De tous mes changements qu'on ne s'étonne plus.
De Vertumne voici les anciens attributs.
Toscan par mon pays, et Toscan par mon père,
J'ai fui Volsinium pour éviter la guerre.
Je chéris les Romains ; sans temples somptueux,
Seul, l'aspect du Forum sait captiver mes yeux.
Les esquifs dans ce lieu jadis fendaient le Tibre ;
Avec bruit sur ses eaux la rame tombait libre.
Mais lorsque pour ses fils le fleuve recula,
Pour attester le fait, Vertumne on m'appela.

Chaque an, à son retour, m'apporte ses prémices.
Peut-être que mon nom vient de ces sacrifices.
Pour moi le vert raisin revêt d'autres couleurs,
L'épi d'un suc laiteux se remplit aux chaleurs ;
Pour mes autels la mûre en l'été se colore ;
L'automne fait mûrir la prune qu'il décore ;
La cerise m'est due, et l'heureux jardinier
Met sur mon chef la pomme arrachée au poirier.
Loin, bruits menteurs ! mon nom vient d'une autre origine !

Pleins de foi, recevez ma parole divine.
Je puis changer toujours, et toujours gracieux
Je me plie aussitôt aux formes que je veux.
Je deviens sous la soie une femme facile,
Et, sous la toge, un homme ; à ma démarche agile,
On croirait, à ma faux, ma couronne de foin,
Que ma main a coupé tous les gazons au loin ;
Sous les armes, jadis, guerrier, je fis merveille ;
Je fus un moissonneur, armé de la corbeille ;
Je suis sobre au Forum ; mon front orné de fleurs
Semble d'un vin nouveau supporter les vapeurs ;
Je suis Bacchus, avec la mitre phrygienne ;
Apollon, s'il survient que sa lyre je tienne ;
Tantôt chasseur ou faune, avec rets et gluaux,
Dans mes filets je sais attirer les oiseaux ;
Tantôt je suis cocher ; d'une façon légère
Je saute d'un coursier sur l'autre en la carrière ;
La ligne en mains, je prends les poissons ; on me rend,
Avec tunique propre et traînante, marchand.
On dirait un berger s'avançant dans la plaine,
Quand je porte de fleurs une corbeille pleine,
Ma houlette avec moi. Ma gloire est, en mes mains,
De tenir les produits les plus beaux des jardins ;
Le concombre aux flancs verts, la courge monstrueuse,
Le chou qu'en ses nœuds tient l'herbe marécageuse.
En nul temps dans les prés ne s'élève une fleur
Qui ne vienne à mon front étaler sa couleur.
Ma disposition à changer de la sorte
Des Toscans me valut le vrai nom que je porte.

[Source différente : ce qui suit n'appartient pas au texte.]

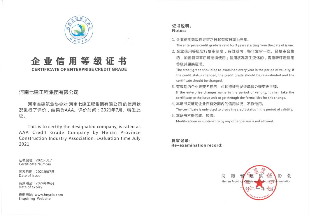 河南省AAA 企業(yè)信用等級(jí)證書(shū)202
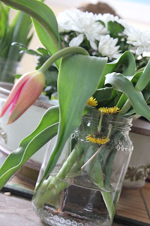 Garnet had found me two colors of tulips and I had been gifted a pot of white flowers by a Scottish gentleman, that my daughters and I sat with at a ‘highlanders tea’, earlier that weekend. The table was thus full of flowers. Not to be out done, my three year old added to the bouquets with his ‘lawn bouquet’, as seen in the below photo… truly heartwarming and not unnoticed by his Mama!
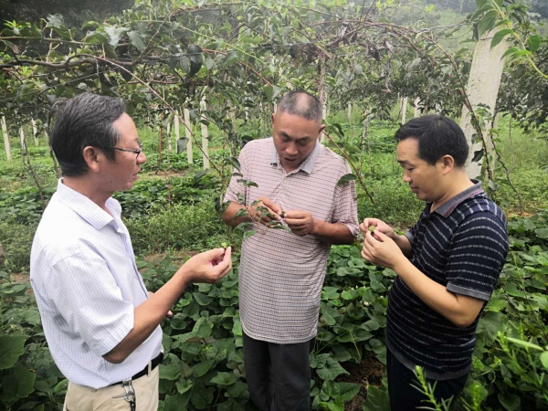 园艺学院园艺教工党支部结合支部党员专业特长,受信阳市百果园生态农业有限责任公司的 邀请,开展以“园聚万家,服务三农”为主题的强农兴农科技服务工作,指导该公司内猕猴桃栽培和管理工作,针对前段时间一直高温,猕猴桃落果、晒伤严重,给出了具体的防治意见。该公司总经理对我们一行的科技服务表达了强烈的感谢,认为beat365在线平台官网园艺教工党支部党员深入基层、服务农民群众的行为充分发挥了党员先进性和模范带头作用。(园艺学院)
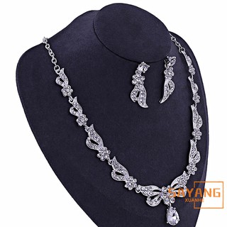 Crystal Wedding Jewelry Sets Women Silver Leaf Rhinestone Necklace Sets Bridal Jewelry
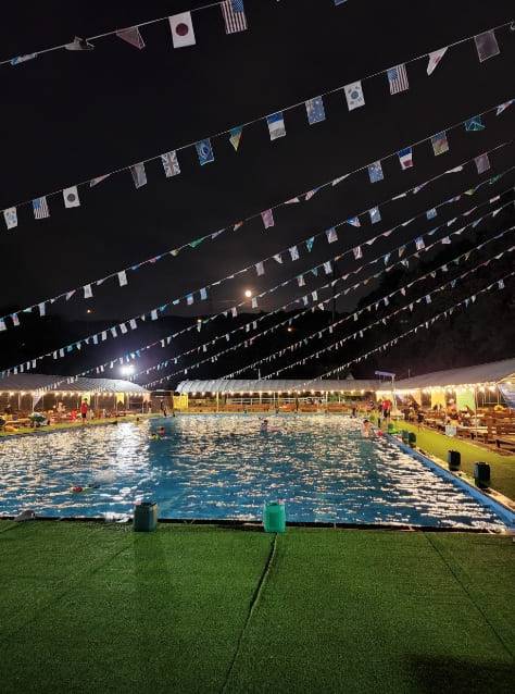 양주의 취사 가능한 야외 수영장으로 추천하는 히든밸리 송추입니다. 취사가 가능한 평상은 방가로타입과 등받이 없는 평상, 등받이가 있는 평상 등 3가지 종류로 구분되어있습니다. 수영장 내 인공 잔디를 깔아두어 미끄러져도 부상의 위험이 적도록 조성되어 있는데요.
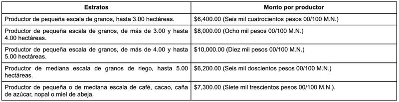 El programa apoya, preferentemente, a personas productoras de granos, caña de azúcar, café, cacao, nopal o miel de abeja. Pero se contemplan los cultivos de granos como maíz, frijol, trigo, arroz, avena, cebada, milpa, soya, ajonjolí, cacahuate, garbanzo, haba, cártamo, calabaza chihua (pipián), lenteja, girasol, arvejón, linaza, colza o canola, sorgo, amaranto y chía.
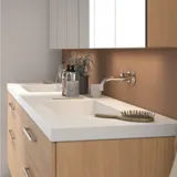 Ganz gleich, ob Sie Ihr Badezimmer nur ein wenig aufpeppen wollen, oder eine größere, durchgreifende Renovierung planen, wir haben eine Lösung, die zu Ihnen passt. Mit einem doppelten Waschbecken für das Badezimmer können sich mehrere Personen gleichzeitig im Badezimmer aufhalten und einen ruhigen Morgen genießen, so wie Sie es verdienen. Nutzen Sie die zusätzliche Zeit, die sich durch einen Doppelwaschtisch im Badezimmer bietet, indem Sie etwas länger zusammen am Frühstückstisch sitzen, bevor sich alle in ihren Alltag stürzen.
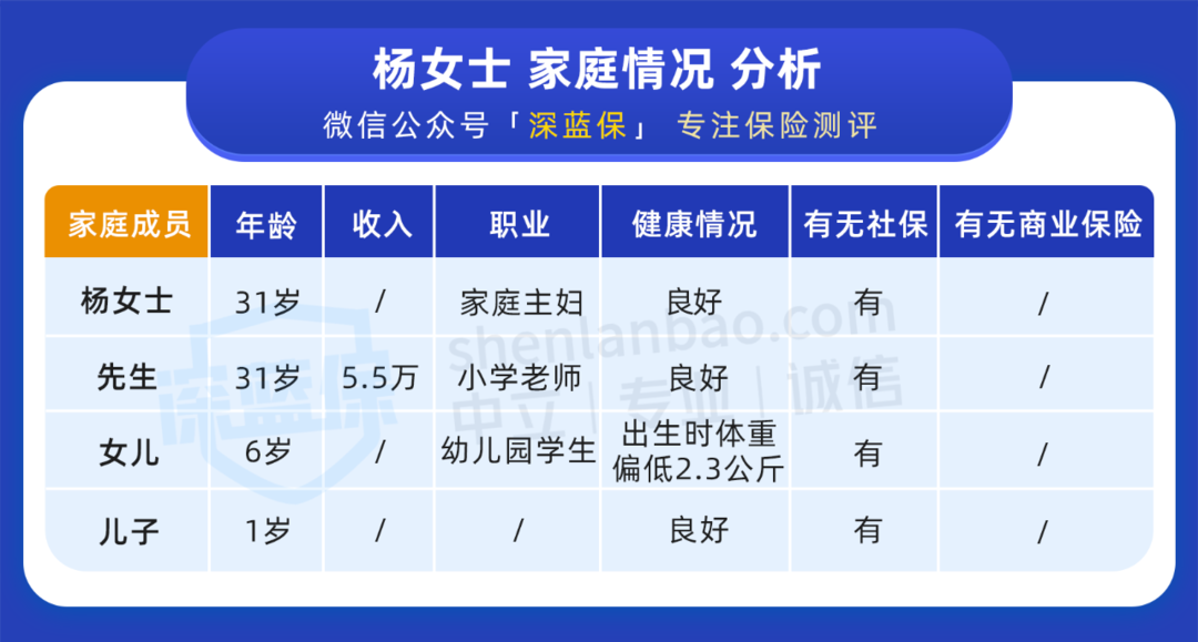 我们不能为了买保险而影响生活,现在杨女士要在家带娃,没有收入,先生收入还要养一家,因此没有太多预算买保险。

Rome, un de tes quartiers en faveur des Toscans
Montre encore aujourd'hui tes nobles sentiments,
Rappelant que ta force, avec la nôtre unie,
Vainquit de Tatius la puissance ennemie.
J'ai vu ses bataillons, sans honte ni pudeur,
Rompus, s'enfuir devant le Romain leur vainqueur.
Puisse de Jupiter la puissance suprême
Sous la toge n'offrir que de la paix l'emblème !

Six vers encor, Romains, pour aller jusqu'au bout !
Après cela, partez ! six vers, ce sera tout.

Avant Numa, j'étais un tronc grossier d'érable,
Fait à la serpe, pauvre, et pourtant agréable.
Dans mes jeux différents, d'une savante main,
Mamurius a su me produire en airain.
Puisse-t-il obtenir la gloire pour salaire,
Et qu'enfin à son corps la terre soit légère !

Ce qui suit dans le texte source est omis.